“The Box” by Tylea Banks


She had a thing for cardboard boxes. Big, small, short, and tall, wide, or narrow. She’d use boxes to organize and compartmentalize things. This created a sense of security for the objects she kept in boxes. She had a knack for keeping things separated based on their structure, shape, color, and size. She kept so many boxes that it looked as if she was ready to move at a moment’s notice. She used boxes like anyone else would use them. To stack things on top of each other to create more space, and to stow things away that she rarely used.

Boxes created a sense of silence out of chaos for her. Everything was intact, safe, comforting. Boxes. Simply made out of cardboard and smelled of trees. Simplicity. She really liked this one particular box though. It was simply perfect. It was big enough to encompass her. She would sometimes climb inside this box just to see how it felt to be inside one. She kept this one particular box in the middle of her room. It wasn’t a nuisance to have it in the middle of her room, and it didn’t take up much space at all. She didn’t spend much time in the box; as soon as she stepped in, she stepped out, and was satisfied because it was just a box. She even imagined the box in the middle of her room as a portal to another life and time zone, but she figured she was happy in her current, simple life. The life that surrounded her was pretty good for now. This box, like her life, was simple.

But something shifted in her world and it became violent, turbulent, and even unfriendly. She began to retreat to the box because it offered her a sense of security. She would sit in the box more often and became comfortable. This box became her secret hideaway. No one could knock down the fortress of these walls. In this box, she was able to collect her thoughts, organize them, and store them there. No one could infect her box with their negativity. In this box was nothing but positive space.
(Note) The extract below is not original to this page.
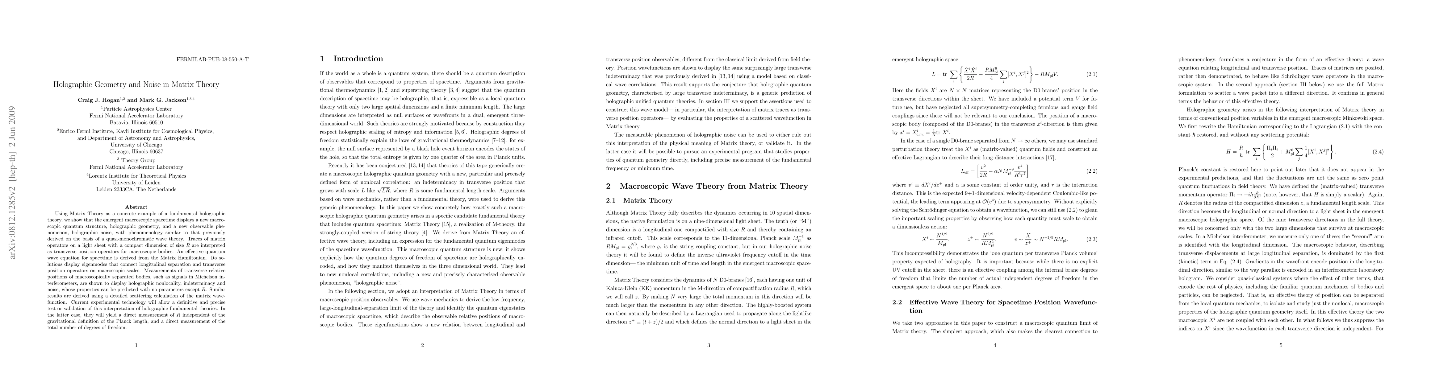 This paper demonstrates that Matrix Theory, a holographic theory, reveals a new macroscopic quantum structure termed holographic geometry and a phenomenon called holographic noise. Experimental tests could validate these findings and provide direct measurements of fundamental parameters independent of gravitational definitions.

Every day was an adventure and the walls of the cardboard box would manifest into whatever she dreamed up as the outside world cracked and became fragmented. Her box was a result of a continental drift, the need to be separated from a bigger piece and created as her own source of solitude. She created her own climate which was warm, subtle, and welcoming. Her mother used to be a source of comfort.
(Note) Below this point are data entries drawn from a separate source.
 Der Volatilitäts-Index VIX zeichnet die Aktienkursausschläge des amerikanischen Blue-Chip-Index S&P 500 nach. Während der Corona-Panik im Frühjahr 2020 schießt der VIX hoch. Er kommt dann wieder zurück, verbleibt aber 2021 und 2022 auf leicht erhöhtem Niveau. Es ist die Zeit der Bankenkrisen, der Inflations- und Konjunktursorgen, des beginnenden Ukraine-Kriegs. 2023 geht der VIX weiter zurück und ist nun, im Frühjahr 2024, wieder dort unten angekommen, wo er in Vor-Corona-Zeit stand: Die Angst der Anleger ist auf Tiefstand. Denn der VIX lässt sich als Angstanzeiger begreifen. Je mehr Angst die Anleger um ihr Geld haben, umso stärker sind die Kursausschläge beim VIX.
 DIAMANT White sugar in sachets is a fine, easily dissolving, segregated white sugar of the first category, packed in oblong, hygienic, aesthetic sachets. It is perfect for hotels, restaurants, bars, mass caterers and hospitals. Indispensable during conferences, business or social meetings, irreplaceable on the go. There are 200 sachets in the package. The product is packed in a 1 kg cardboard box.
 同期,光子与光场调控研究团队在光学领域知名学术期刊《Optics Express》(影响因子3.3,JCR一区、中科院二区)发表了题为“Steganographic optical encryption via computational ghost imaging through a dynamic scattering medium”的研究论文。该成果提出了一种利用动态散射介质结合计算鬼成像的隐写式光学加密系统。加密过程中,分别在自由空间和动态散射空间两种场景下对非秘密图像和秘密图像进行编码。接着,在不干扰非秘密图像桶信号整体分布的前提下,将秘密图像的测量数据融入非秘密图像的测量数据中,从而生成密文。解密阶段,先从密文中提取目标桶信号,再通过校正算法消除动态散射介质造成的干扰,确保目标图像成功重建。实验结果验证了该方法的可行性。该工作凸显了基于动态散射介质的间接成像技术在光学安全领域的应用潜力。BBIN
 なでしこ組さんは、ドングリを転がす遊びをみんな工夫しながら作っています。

The more hectic life outside this box became, the more she did not want to leave. She began to disconnect from her family, even more so her mother. See, her mother was not as sturdy as this box, nor did she hold the capacity to hold herself up like the four walls of this box. Unlike this box, her mother was cracked and fragmented and the seams of her existence were beginning to shatter. The mother was no longer the fortress she used to be and the young girl she cared for no longer felt safe and secure. When she would hide in this box, she imagined her mother to be as she was before: the one who would envelope her in her love; someone who made her feel secure; a girl able to share herself with the outside world.

As time grew on, the young girl felt like she had no one or nowhere to run to express herself. She became closed in and not even the solitude of her very room could save her. The only thing that could save her was the three-dimensional worlds she created in this box where no one could judge her or manipulate her thoughts. This box became home to her and in that box, she could scream, cry, runaway to a foreign land, and no one would know that in this box, she could escape.